Following the Supreme Court’s ruling on gambling permits on Feb. 24, the Riga City Council reached a decision to shut more than 40 public gambling facilities located in the city center of Latvia’s capital. Proprietors of these gambling halls have initiated a legal suit against city councilmembers in an attempt to block the decision from being implemented.
Riga’s city councilmembers have explained that the decision to close these public gambling facilities was warranted because of the deplorable state of the city center that was caused by their disorganization. The move is, therefore, aimed at restoring order and organization within the historic area and, especially, in zoned areas that have, so far, been infiltrated.
Based on reports from news outlets, Aira Smelde, a council official, said the proprietors had resorted to fighting the decision in court without any reasonable course of action. He added that the owners have had as many as six rulings against them in the past.
The consistent victories in court by the council indicates the commitment the members have, not only to the public but to the city as a whole to restore the glory the square lost as a result of the increased gambling. Appeals against the six rulings have since been filed with the regional court. There was one successful closure, but only because the claimant pulled away.
Prolonged legal tussles
The legal battles between the city council and the owners of the gambling agencies have been ongoing for a while. In October 2017, an initiative was brought forward that advocated for closing an additional 33 gambling facilities that are located within the city center.
This brings the total number of facilities scheduled to be closed within the next five years to 42. The initiative gained significant support from the city’s authorities. Gambling facilities in high-end hotels and casinos were exempted and would continue to operate normally. An assessment revealed they operated responsibly. Furthermore, they were operated by established businesses.
Earlier, in September 2017, authorities had recalled the licenses of nine gambling facilities that gave them permission to work within the city square. Many other halls face a similar fate. Juris Liepins, the legal director, ordered the directive and followed up with the Lotteries and Gambling Supervisory Inspectorate to make sure it was implemented in the shortest amount of time.
Making the preparations
Acting on the directive by the city’s legal director, the legal department is making the required preparations to ensure the closures are peaceful and will not interfere with the economic running of the city. The council will conduct separate votes for each venture listed on the planned closure.

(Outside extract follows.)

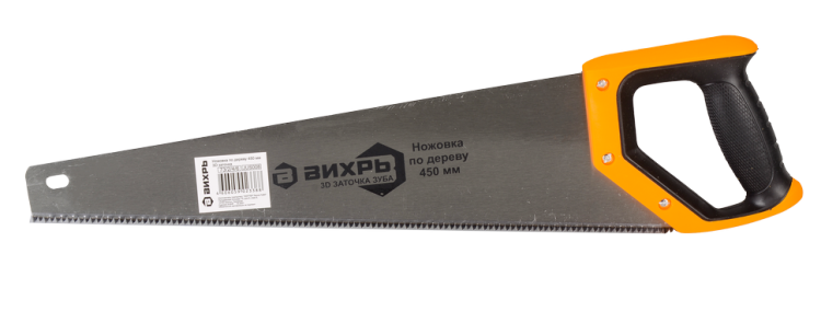 Ножовка ВИХРЬ 450 мм 3D заточка - это ручной инструмент для пиления древесины и других материалов. Длина ножовки 450 мм, шаг зуба 7-8 TPI. Ножовка изготовлена из углеродистой стали с твердостью закаленного зуба 46–52 HRС. Зубья имеют трехгранную (3D) заточку. Эта технология позволяет значительно увеличить скорость резки и уменьшить нагрузку на руки.

If passed, the owners of the gambling facilities will be given a period of five years to comply with all the procedures needed before they eventually close down and move to other locations away from the city center. Despite the preparations, the city council has yet to come up with the time schedules for the closure.
The court battles have seen some of the big players in the market lose in court. About a week ago, Olympic Entertainment Group AS, a leading gambling and entertainment hub, lost against the Riga City Council in a suit it had filed to block the imminent closures.
The legal team of Olympic revealed that the administrative court had arrived at a verdict that favored the council and that the company was required to end its operations in the city center within the next five years. The CEO of Olympic added that the company intends to explore other legal options, including appealing the ruling to stop the closure.